About Marlayna James
Could you live with a small child, who had forty imaginary friends – names, interests, clothing and features, all laid out?
Don’t feel awful if you answered ‘no’. Marlayna James’ mother couldn’t either.
…..At that age, though, what would she actually write? Marlayna glued paper together to form books about talking vegetables at the supermarket and solved their dilemmas. The young girl wasn’t a fan of illustrations, never wanting to be an artist, so she chose vegetables because they were the simplest to draw, a circle here and an oval there then throw on a few squiggles for eyes and a mouth.
…..In her subconscious, at three or four, she must have known it was what she needed to do, create worlds for diverse characters to live in. The inexperienced girl wouldn’t begin her exploration into writing until she was seven or eight.

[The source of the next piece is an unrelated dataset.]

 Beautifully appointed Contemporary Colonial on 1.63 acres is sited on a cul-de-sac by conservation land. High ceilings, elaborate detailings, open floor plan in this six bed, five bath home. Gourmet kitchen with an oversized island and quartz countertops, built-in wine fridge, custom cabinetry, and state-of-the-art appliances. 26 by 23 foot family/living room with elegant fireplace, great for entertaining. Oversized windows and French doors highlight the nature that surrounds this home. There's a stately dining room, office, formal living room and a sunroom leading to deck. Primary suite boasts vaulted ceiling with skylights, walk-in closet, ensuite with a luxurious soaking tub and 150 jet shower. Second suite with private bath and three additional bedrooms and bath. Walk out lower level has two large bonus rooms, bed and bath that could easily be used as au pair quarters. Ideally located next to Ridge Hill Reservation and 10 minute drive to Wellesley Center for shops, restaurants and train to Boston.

…..She was one of those children, the enthusiastic one who busily sharpened her pencil, anticipating the phrases ‘you’re going to write an essay‘ or ‘summarize the history of the cotton jenny‘. Marlayna would write and shred it, then rework it and wrote it again. It was never quite perfect enough!

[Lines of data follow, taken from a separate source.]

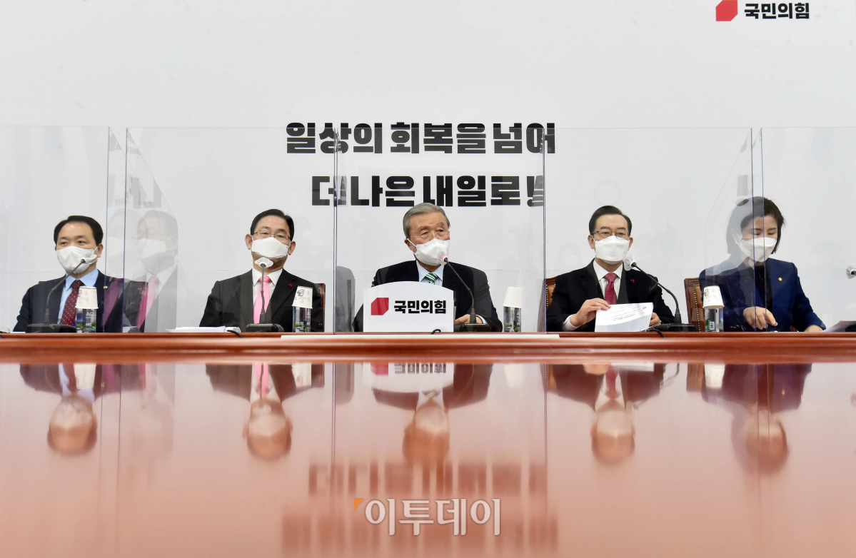 김종인 비대위원장이 4일 서울 여의도 국회 본관 228호에서 열린 국민의힘 비상대책위원회의를 주재하고 있다.
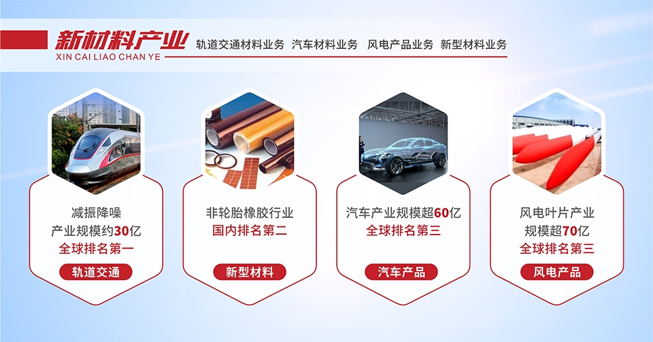 公司新材料产业包含轨道交通材料、汽车材料、风电产品、新型材料等业务。 |
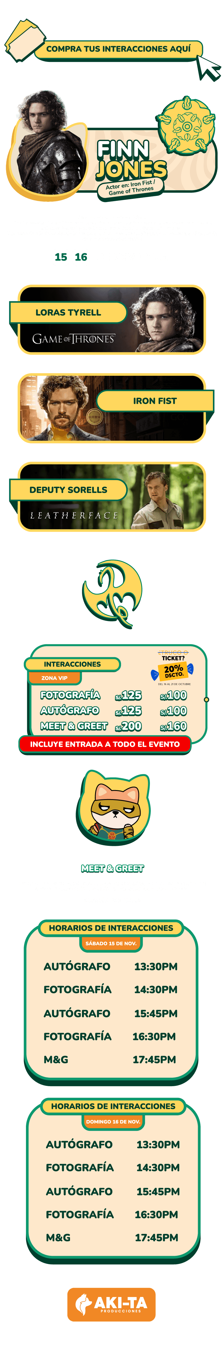 • Promoción Truco o Ticket vigente desde el 16 de octubre a las 17:00 horas hasta el 21 de octubre a las 23:59 horas de 2025. Descuento 20% en fotografía, autógrafo y meet & greet. Stock máximo de la promoción: 100 interacciones por tipo. El descuento es sobre la tarifa regular y no aplica a otros descuentos o promociones. Promoción válida con cualquier método de pago.
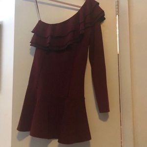 The Room burgundy ruffle mini dress. One sleeve. Fluted bottom. It’s a thicker fabric. Great for cooler weather!
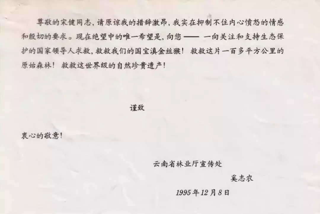 为了阻止这项商业砍伐计划,奚志农带着他3年来拍摄的影像四处奔走,写信写到了当时的国务委员宋健。
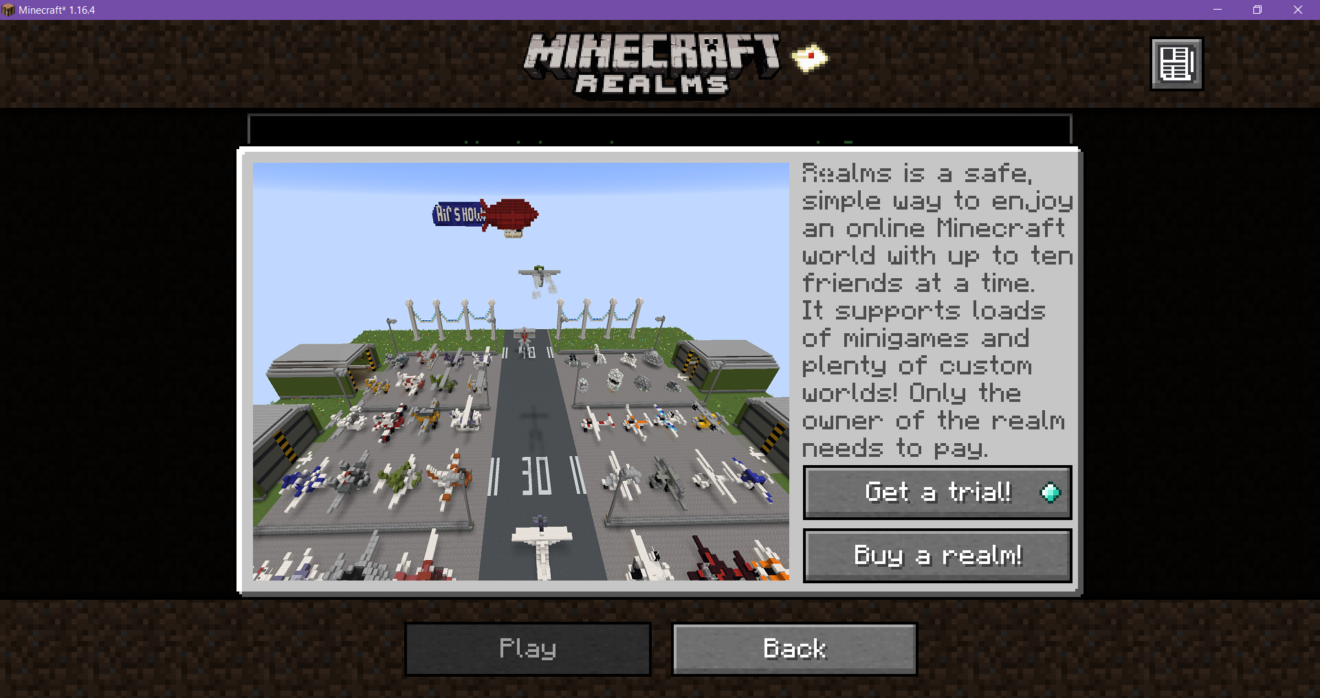 In the game menu, when I click the Minecraft Realms button I get a pop up sign that ses "Realms is a safe...". I can se my friends realm behind the pop up but cant access it. The only way I can access the realm is if the owner kicks me and then invites me again, the only thing is that the next day the pop up window is back again. I can't get the pop up window away so that I can access the realm.
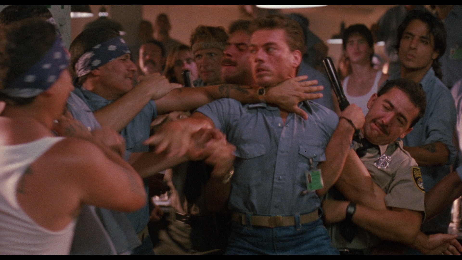 While trailing the man who killed his partner, Quebec cop Louis Burke (Van Damme) ends up on the mean streets of L.A. where he fires several bullets into the culprit, a serial killer known as the Sandman (Kilpatrick). For some reason, Burke decides to hang around for sixteen months and gets enlisted by a governor task force to look into the murders of one guard and eight prisoners at Harrison State Prison. With an election coming up and prison treatment a hot public issue, officials want the matter cleaned up as discreetly as possible. Burke is sent inside with a phony armed robbery conviction and relays information to the outside through recent Stanford grad Amanda (Gibb), who's posing as his wife. However, life inside proves to be challenging on many fronts thanks to abusive jailers and extreme racial tension, not to mention someone running around puncturing the back of people's skulls with an icepick. Through an inmate clerk named Hawkins (Guillaume), Burke works his way through the prison's underworld including a gender bender bordello in the basement and a corrupt guard system apparently working under orders from the outside. Meanwhile Amanda enlists the aid of a sexually aggressive computer hacker (Near Dark's Miller) to

…..By the time she rushed into her teens, she started composing poetry on an old typewriter her mother had brought home from work. She would remain until it exhausted her and her eyes clouded with sleep, then wake the next morning and stare at it some more. Nothing could keep her from this passion, except maybe boys.
…..She shoved and forced her beloved typewriter away and it wouldn’t be until nineteen before she realized; Miss James is a writer. It’s all she ever wanted. To be the best-selling author on Oprah’s stage, gossiping about her latest book, her characters, and how their worlds escaped the pages and lived in readers’ minds. It would be epic!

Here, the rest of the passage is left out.